Есенин слагал острые песни хулигана и придавал свою неповторимую, есенинскую напевность озорным звукам кабацкой Москвы, он нередко кичился дерзким жестом, грубым словом. Но под всем этим трепетала совсем особая нежность неограждённой, незащищённой души. Полунапускной грубостью Есенин прикрывался от сурового времени, в какое родился, – прикрывался, но не прикрылся. Больше не могу, – сказал 27-го декабря побеждённый жизнью поэт – сказал без вызова и упрёка… О полунапускной грубости говорить приходится потому, что Есенин не просто выбирал свою форму, а впитывал ее в себя из условий нашего совсем не мягкого, совсем не нежного времени.

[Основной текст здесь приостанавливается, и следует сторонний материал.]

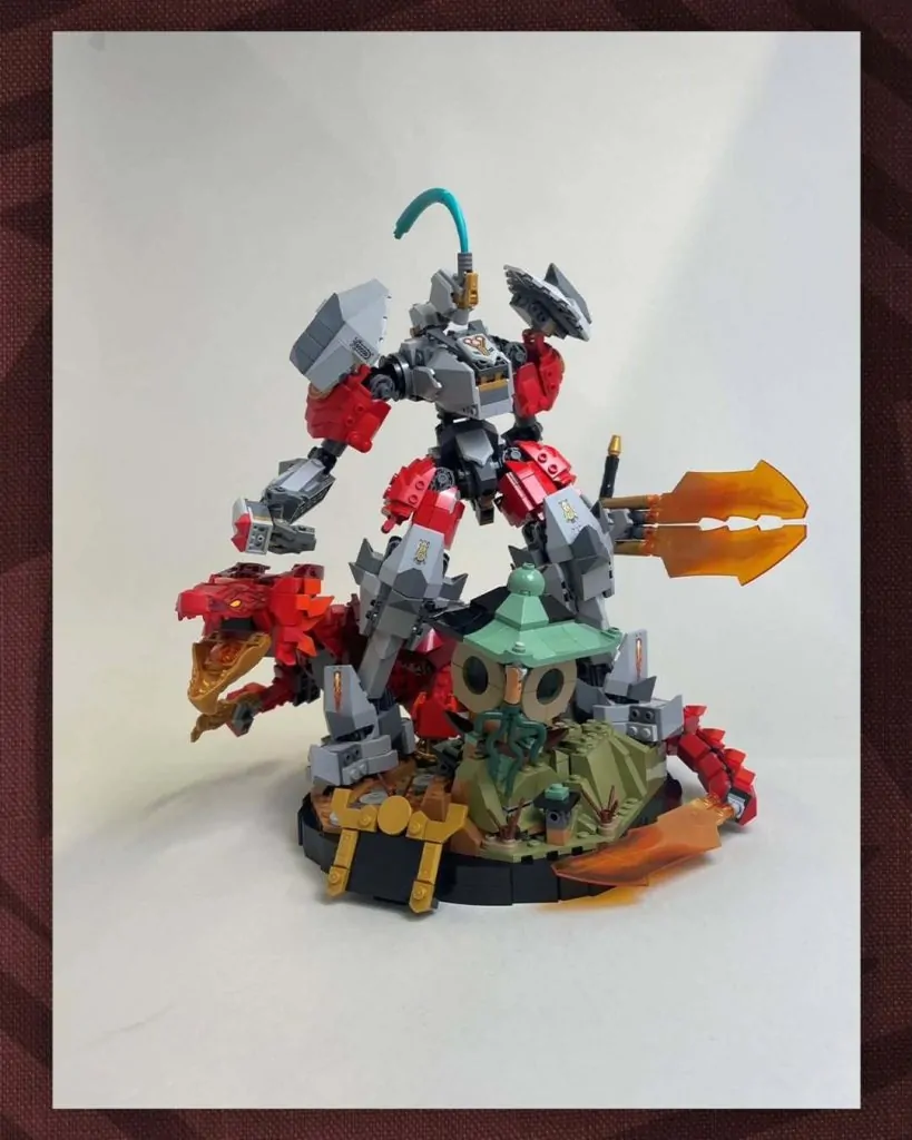 Das 996-teilige 71846 Der Feuerritter-Mech zeigt einen Mech, der über einer monströsen Kreatur schwebt. Dieses Konzept begleitete den gesamten Designprozess. Die genaue Form der Basis und das Layout des Monsters haben sich erheblich verändert. An einer Stelle wurde eine Reihe von Wellen und Spritzern vorgeschlagen, die jedoch für die endgültige Version abgeschwächt wurden.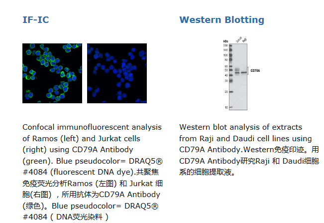 CD79A 抗体能够检测内源CD79A蛋白总体水平。此多克隆抗体是通过合成人源对应的CD79A Asn217位点周围的肽段来免疫动物而获得。抗体是通过多肽亲和层析纯化。B细胞上的抗原受体包含了异源二聚体信号成员,此二聚体由CD79A 和CD79B组成,也分别称作是Ig α和Ig β(1,2)。此受体复合体的存在对B细胞的发育和功能有着重要的意义(3)。抗原结合后,这两个蛋白和B细胞相关的受体一起起始胞内的信号转导T(4,5)。一个免疫受体酪氨酸相关的激活区域(ITAM)存在于CD79A胞内区域并对其功能发挥了重大的作用(6)。抗原结合,然后形成CD79A 和 CD79B异源二聚体,最后激活受体相关的激酶(7)。CD79A是B细胞系成淋巴细胞白血病的一个特征分子(8); 在有些慢性B淋巴细胞白血病中,对应mb-1基因的突变对异常低水平的功能性B细胞受体有重要的作用(9)。

Прикрываясь маской озорства – и отдавая этой маске внутреннюю, значит, не случайную дань, – Есенин всегда, видимо, чувствовал себя – не от мира сего. Это не в похвалу, ибо по причине именно этой неотмирности мы лишились Есенина. Но и не в укор, – мыслимо ли бросать укор вдогонку лиричнейшему поэту, которого мы не сумели сохранить для себя!
Наше время – суровое время, может быть, одно из суровейших в истории так называемого цивилизованного человечества. Революционер, рождённый для этих десятилетий, одержим неистовым патриотизмом своей эпохи, своего отечества во времени. Есенин не был революционером. Автор «Пугачёва» и «Баллады о двадцати шести» был интимнейшим лириком.
Эпоха же наша – не лирическая. В этом главная причина того, почему самовольно и так рано ушёл от нас и от своей эпохи Сергей Есенин. Корни у Есенина глубоко народные – и, как всё в нём, наг>г> ность его неподдельная. Об этом бесспорнее всего свидетельствует не поэма о народном бунте, а опять-таки лирика его:
Этот образ осени и многие другие образы его поражали сперва как немотивированная дерзость. Но поэт заставил нас почувствовать крестьянские корни своего образа и глубоко принять его в себя. Фет так не сказал бы, а Тютчев – ещё менее. Крестьянская подоплёка, – творческим даром преломленная и утонченная – у Есенина крепка.
Но в этой крепости крестьянской подоплёки причина личной некрепости Есенина: из старого его вырвало с корнем, а в новом корень не принялся.
Город не укрепил, а расшатал и изранил его. Поездка по чужим странам, по Европе и за океан, не выровняла его.